__Work instruction__
Would you retype exactly the lines below, starting with the one that has "Dječije sjedište ISOFIX, G1" and going on through the one that has "かんぴょう巻 150円 Dried Gourd Roll 腌葫芦卷", with no pictures and nothing else?

*** Opening of Records for this task ***

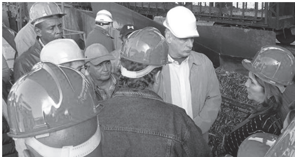
El recorrido incluyó el central Uruguay, comprometido con lograr una zafra eficiente.

Al término de su segunda visita al centro, el Presidente reconoció que los problemas estructurales de la institución crean situaciones de hacinamiento al personal y sugirió adelantar estudios, proyectos o valorar otro posible local para, cuando las circunstancias lo permitan, acometer una inversión que termine con ese impedimento.
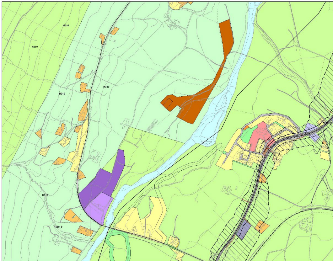
Figur 2 . Kartutsnitt som viser utvidelse av næringsområde for Fjellmat og Fjellfisk, og område for Andre typer bebyggelse og anlegg.

I forbindelse med utredning av konsekvenser for miljø og samfunn, viser vi til utredningen som følger detaljreguleringsplanforslaget planID 2016012.
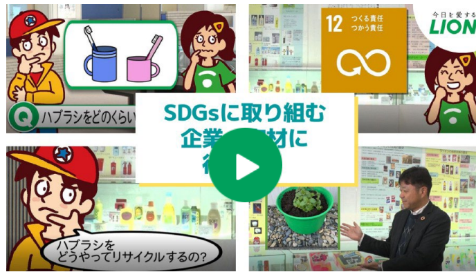
SDGsに取り組む企業へ取材に行こう！ライオン編 「お口の健康から健やかな未来をつくる取り組みについて」
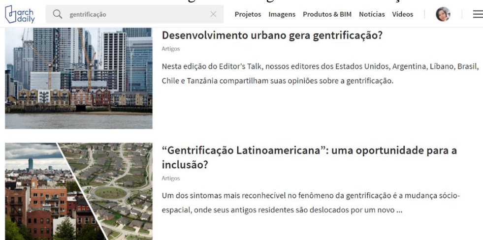
Figura 1 - Artigos sobre Gentrificação

E é claro que com o passar dos anos, o processo também foi mudando e de certa forma crescendo mais ou menos como na mesma medida que o neoliberalismo foi avançando sobre a economia. E se um dia, o que foi uma determinada “anomalia” isolada do pós-guerra em apenas um recorte sobre a realidade local de uma única cidade na Europa, hoje já é algo bem maior e abrangente. Nos últimos anos, a gentrificação deixou de ser um assunto “estritamente acadêmico” para se tornar manchete jornalística e tema de discussões informativas e de curiosidades na internet.
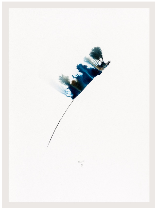
Iz cikla Metulji iz Fukušime, akvarel na papirju, 76 x 56 cm. Na naslovnici: Iz cikla Metulji iz Fukušime, olje na platnu, 80 x 70 cm.
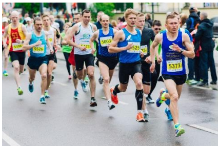
25. bieg długodystansowy – long-distance running
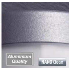
Hochwertige Materialien und schmutzabweisende Nano-Beschichtung

Unabhängig von der Dämmerungsautomatik des LED-Panels wird die Hauptleuchte mit den leistungsstarken G9-Leuchtmitteln bewegungsabhängig eingeschaltet. Dabei entspricht die Sensortechnik der styLED Edition dem innovativen Innenleben der Erfolgsleuchte L 270 S. Der prozessorgesteuerte Hightech-Mini-Sensor ermöglicht bei kleinster Baugröße eine hochauflösende, gleichmäßige Erfassung bis zu einer Entfernung von 8 m im kompletten 360° Umkreis. Egal, aus welcher Richtung man kommt – von der Garage, von der Straße, aus dem Garten oder auch aus der Haustür: Das Halogenlicht der Leuchte wird bei Annäherung sicher eingeschaltet.
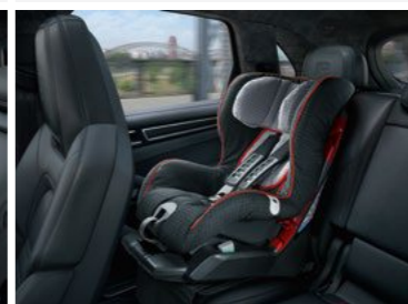
Dječije sjedište ISOFIX, G1
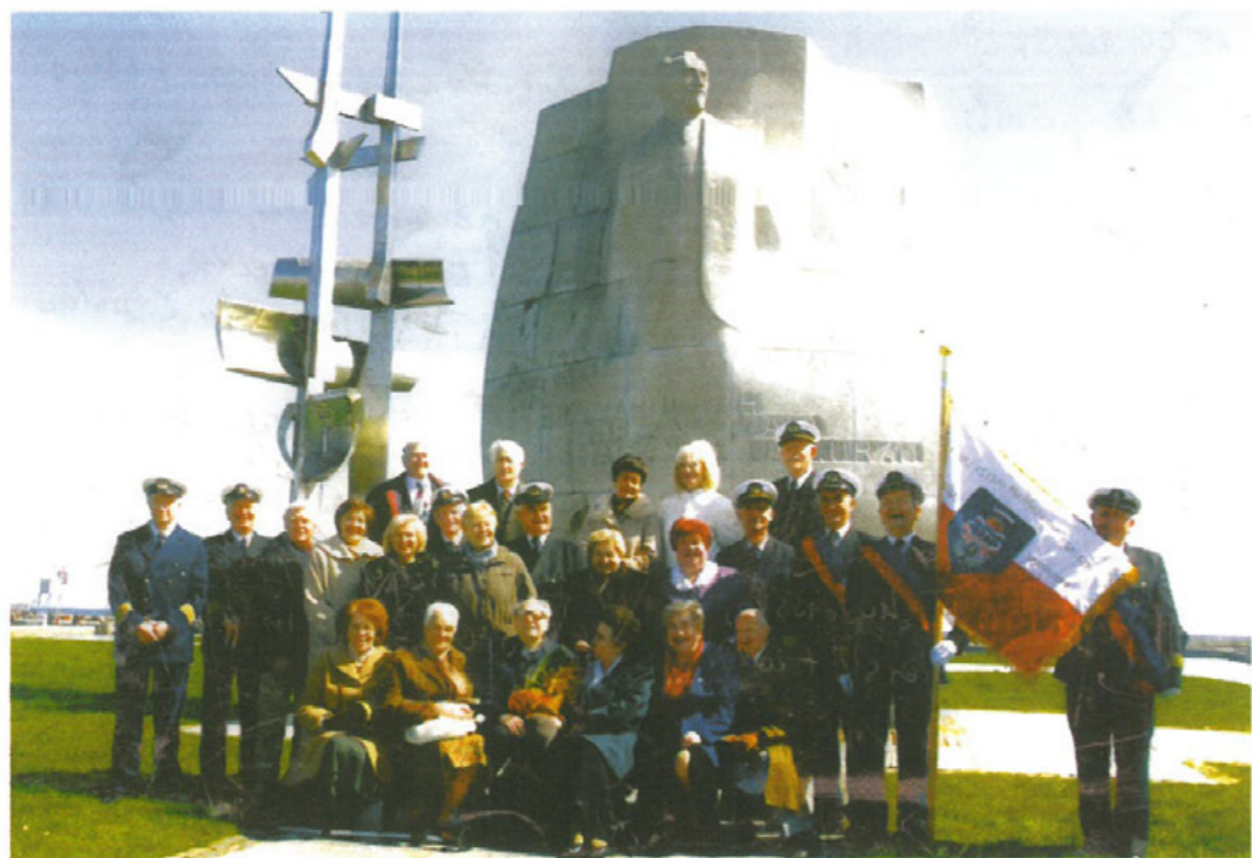
Poświęcenie sztandaru Stowarzyszenia Miłośników Lwowa i Kresów Południowo-Wschodnich II RP. Gdynia 19.04.2009 r.
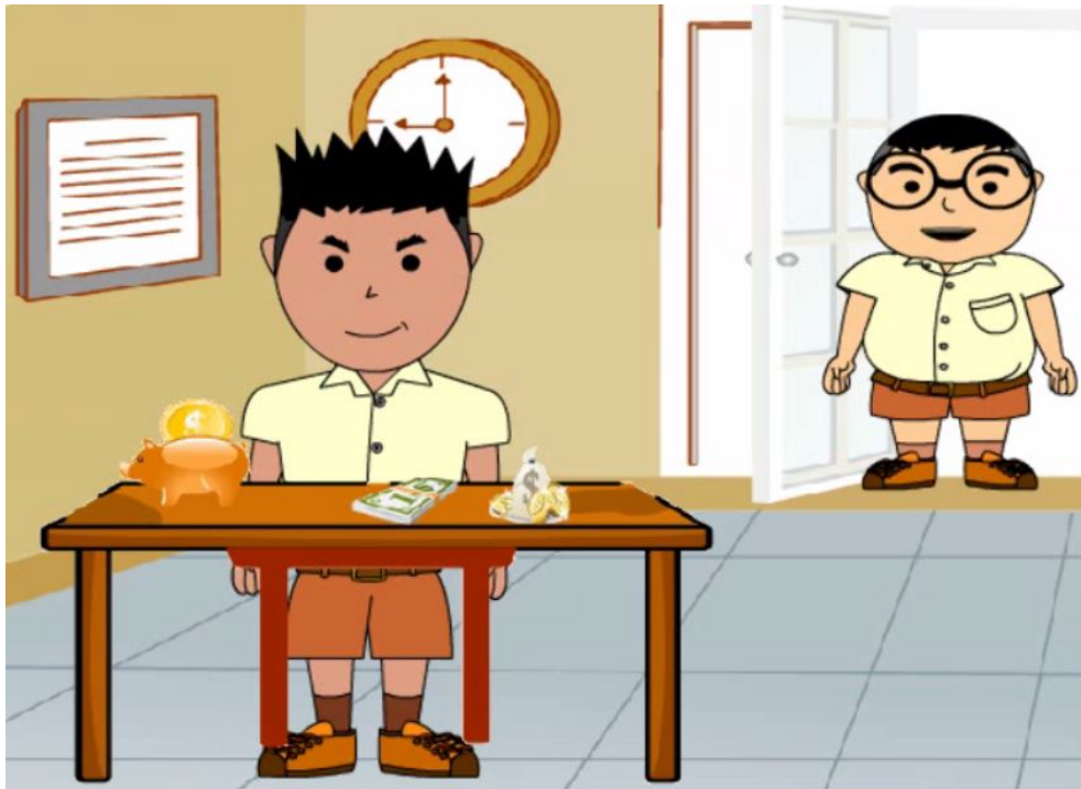
ภาพที่ 4.4 การประหยัดดอดออม
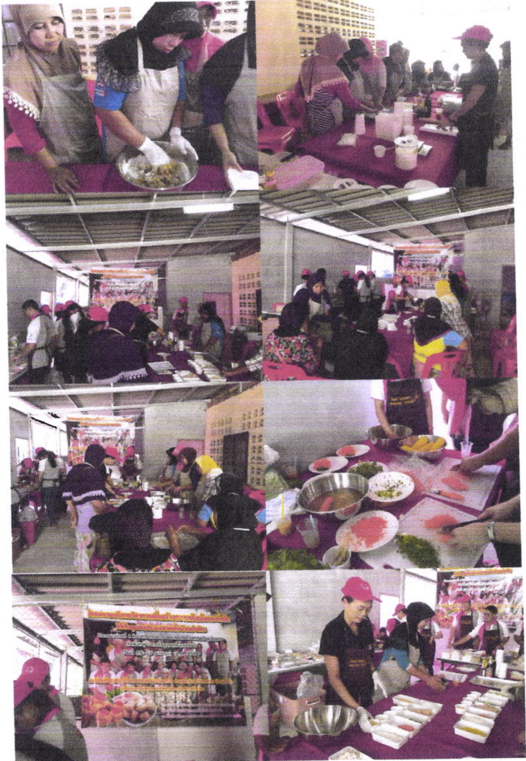
ภาพกิจกรรมการดำเนินโครงการ
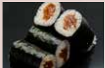
かんぴょう巻 150円 Dried Gourd Roll 腌葫芦卷
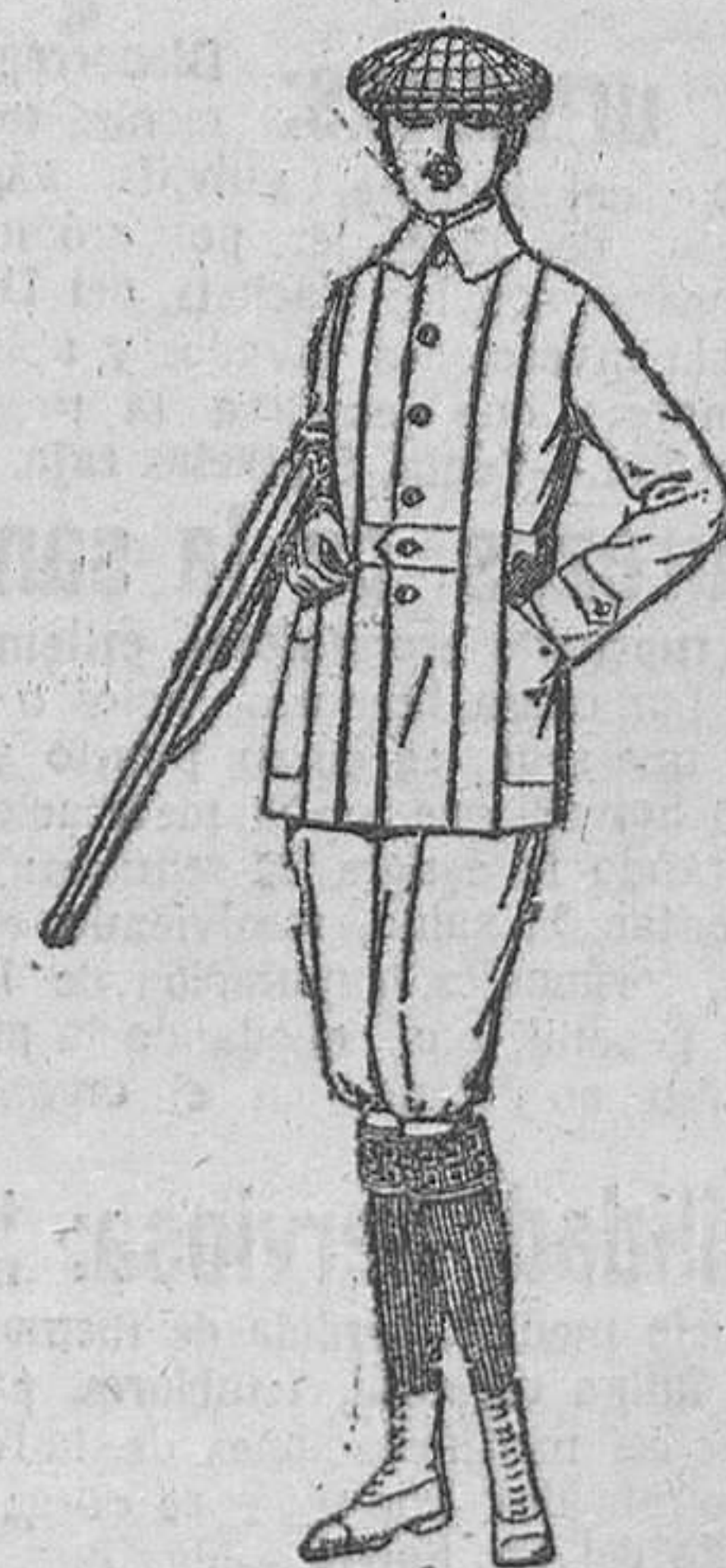
Cazadoras de dril crudo o kaki.—De ptas. 18 a 30. Pantalones cortos, para excursionistas, de dril, beige o gris.—De ptas. 10 a 18.

Ropas confeccionadas para caballero, señora, niño y niña
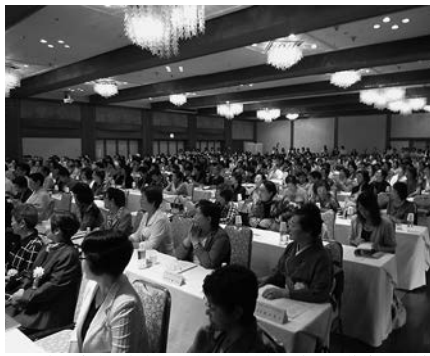
県下商工会女性部部員が集まった昨年の交流研修会の模様

宮城県内の商工会女性部は地元商工業の発展と魅力ある地域づくりを目指して多彩な活動を展開しています。
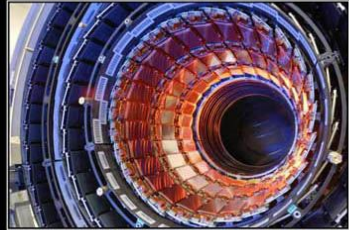
LARGE HADRON COLLIDER

Большой адронный коллайдер на встречных пучках, предназначенный для разгона протонов и тяжёлых ионов и изучения продуктов их соударений. Коллайдер построен в научно-исследовательском центре Европейского совета ядерных исследований, на границе Швейцарии и Франции, недалеко от Женевы. По состоянию на 2008 год БАК является самой крупной экспериментальной установкой в мире. Большим БАК назван из-за своих размеров: длина основного кольца ускорителя составляет 26 659 метров — из-за того, что он ускоряет адроны, то есть частицы, состоящие из кварков; коллайдером — из-за того, что пучки частиц ускоряются в противоположных направлениях и сталкиваются в специальных местах
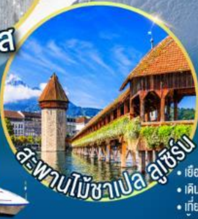
สะพานไม้ชาเปล ลูเซิร์น
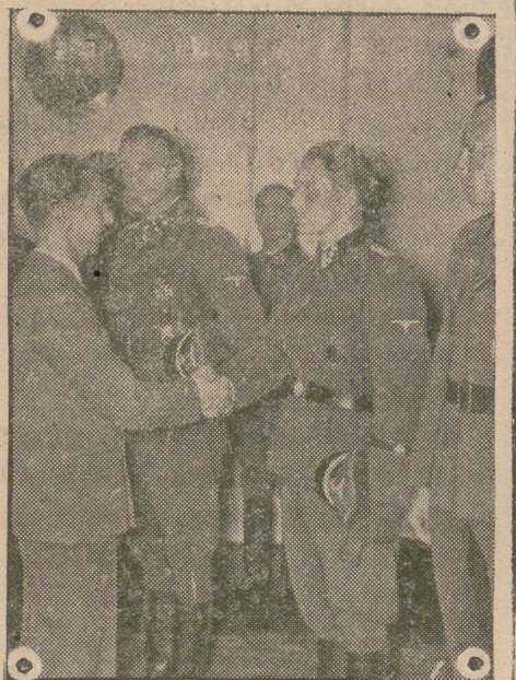
El ministro de Propaganda del Reich, Dr. Goebbels, ha recibido en Berlín a las representaciones de las divisiones de blindados de la SS, «Adolf Hitler», «Alemania» y «Cada una» que fueron los que conquistaron en decidida contraataque alemán la ciudad de Charkow. Goebbels felicitó personalmente a estos valientes.

Los vencedores de Charkof son felicitados por Goebbels
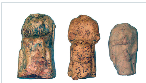
Εικ. 7. Άρτα. Ιερό Άντρο Νυμφών. Πήλινα ειδώλια.

Οι επιχώσεις ήταν αναμοχλευμένες από τη δράση των λαθρανασκαφών, ενώ σε κανένα από τα δύο τετράγωνα της ανασκαφής δεν εντοπίστηκε αδιάτάρακτο αρχαιολογικό στρώμα. Ωστόσο, περισυνελέγη ικανή ποσότητα κεραμικής και αρκετά μικροευρήματα, όπως δύο κωνικά κομβία από στεατίτη, ένα πήλινο αμφικωνικό σφονδύλι, ένα χάλκινο νόμισμα κ.ά. Η προκαταρκτική εξέταση των ευρημάτων τεκμηριώνει τη χρήση του σπηλαίου κατά τη νεολιθική και τη μυκηναϊκή περίοδο, ενώ μεμονωμένα ευρήματα μαρτυρούν περιστασιακή χρήση του και κατά τους κλασικούς - ελληνιστικούς χρόνους, καθώς και στην ύστερη αρχαιότητα.
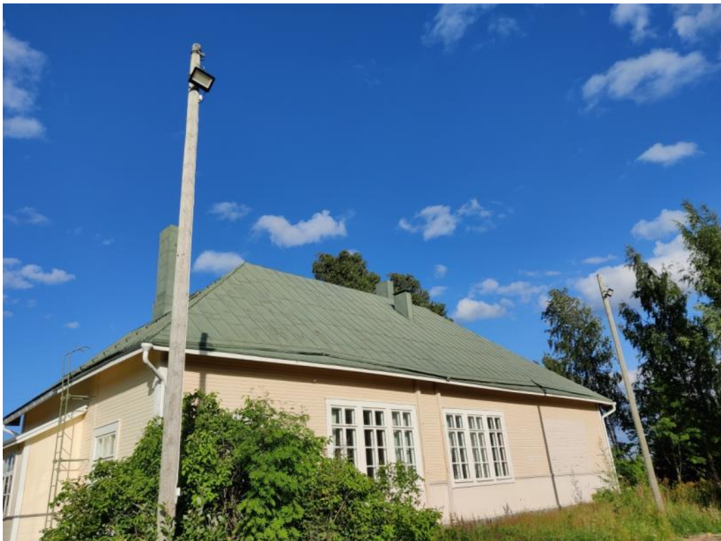
Kuva 39 Pelikenttä sai nykyaikaiset uudet valaisimet ja turhat vanhat valopylväät poistettiin
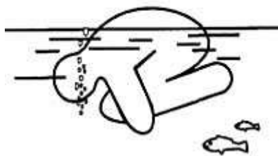
Если нет сил - станьте поплавком

Если что-то произошло в воде, никогда не пугайтесь и не кричите. Во время крика в лёгкие может попасть вода, а это как раз и есть самая большая опасность. Чтобы избавиться от воды, попавшей в дыхательные пути и мешающей дышать, нужно немедленно остановиться, энергичными движениями рук и ног удерживаться на поверхности воды и, поднять голову возможно выше, сильно откашляться. Чтобы избежать захлебывания в воде, пловец должен соблюдать правильный ритм дыхания. Плавая в волнах, нужно внимательно следить за тем, чтобы делать вдох, когда находишься между гребнями волн. Плавая против волн, следует спокойно подниматься на волну и скатываться с нее. Если идет волна с гребнем, то лучше всего подныривать под нее немного ниже гребня.
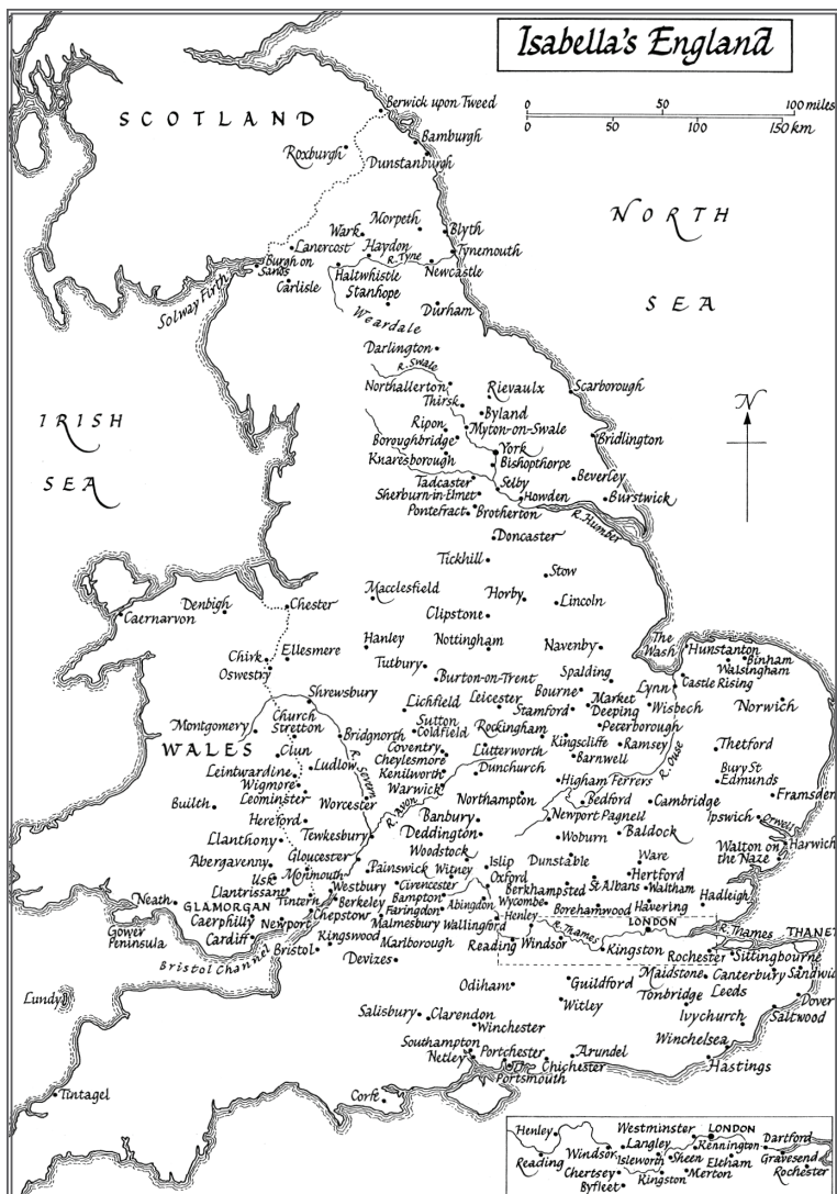
Isabella zamanında İngiltere
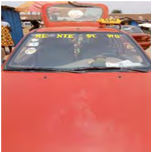
Mfonin 21: *Eddiemea* -jdi me ara bjn?
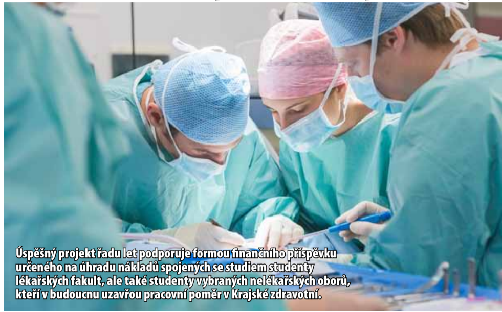
Úspěšný projekt řadu let podporuje formou finančního příspěvku určeného na úhradu nákladů spojených se studiem studenty lékařských fakult, ale také studenty vybraných nelékařských oborů, kteří v budoucnu uzavřou pracovní poměr v Krajské zdravotní.

Desítky tisíc korun za rok ale získají i další skupiny studentů v různých oborech. Stipendijní program pro akademický rok 2024/2025 podpořilo představenstvo Krajské zdravotní pro studenty čtvrtých a vyšších ročníků vysokoškolského prezenčního studia v oborech lékař a farmaceut. Pro studenty prvních a vyšších ročníků vysokoškolského studia také v oborech všeobecná a dětská sestra, porodní asistentka, radiologický asistent a zdravotnický záchranář, dále pro studenty čtvrtého a vyššího ročníku vysokoškolského prezenčního studia

*** Close of Records for this task ***

__Answer box__
Dječije sjedište ISOFIX, G1
Poświęcenie sztandaru Stowarzyszenia Miłośników Lwowa i Kresów Południowo-Wschodnich II RP. Gdynia 19.04.2009 r.
ภาพที่ 4.4 การประหยัดดอดออม
ภาพกิจกรรมการดำเนินโครงการ
かんぴょう巻 150円 Dried Gourd Roll 腌葫芦卷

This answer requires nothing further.